→ **Required work**:
In the records below, find the line that contains "Die neuen Majestäten" and the line that contains "A1115 Vintage Chinese"; write out exactly those two lines and everything between them, without the pictures.

→ **Data records**:

[Start of Attachment]

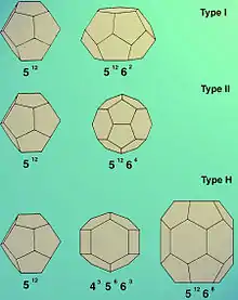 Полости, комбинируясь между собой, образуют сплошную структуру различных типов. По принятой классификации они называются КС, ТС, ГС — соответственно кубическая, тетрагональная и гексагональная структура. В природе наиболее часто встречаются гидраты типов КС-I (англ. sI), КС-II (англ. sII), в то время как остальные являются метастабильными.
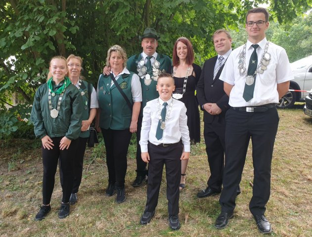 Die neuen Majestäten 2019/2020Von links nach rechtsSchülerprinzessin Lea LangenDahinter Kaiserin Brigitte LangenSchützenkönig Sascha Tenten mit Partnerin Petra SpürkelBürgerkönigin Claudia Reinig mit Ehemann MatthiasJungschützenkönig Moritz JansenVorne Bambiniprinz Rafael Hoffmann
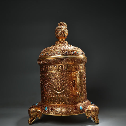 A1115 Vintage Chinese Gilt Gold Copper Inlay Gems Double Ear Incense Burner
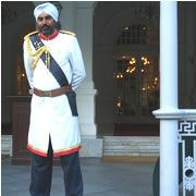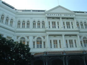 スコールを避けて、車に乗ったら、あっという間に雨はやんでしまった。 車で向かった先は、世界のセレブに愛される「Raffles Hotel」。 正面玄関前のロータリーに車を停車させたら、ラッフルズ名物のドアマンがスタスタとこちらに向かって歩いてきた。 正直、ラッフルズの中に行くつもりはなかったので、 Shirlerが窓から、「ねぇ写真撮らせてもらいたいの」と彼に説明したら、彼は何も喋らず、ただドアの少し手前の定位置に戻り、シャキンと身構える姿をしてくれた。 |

[End of Attachment]
[Start of Attachment]

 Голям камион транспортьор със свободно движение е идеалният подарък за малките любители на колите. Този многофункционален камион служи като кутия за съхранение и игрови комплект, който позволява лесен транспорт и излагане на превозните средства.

[End of Attachment]

→ **Response for this exercise**:
 Die neuen Majestäten 2019/2020Von links nach rechtsSchülerprinzessin Lea LangenDahinter Kaiserin Brigitte LangenSchützenkönig Sascha Tenten mit Partnerin Petra SpürkelBürgerkönigin Claudia Reinig mit Ehemann MatthiasJungschützenkönig Moritz JansenVorne Bambiniprinz Rafael Hoffmann
 A1115 Vintage Chinese Gilt Gold Copper Inlay Gems Double Ear Incense Burner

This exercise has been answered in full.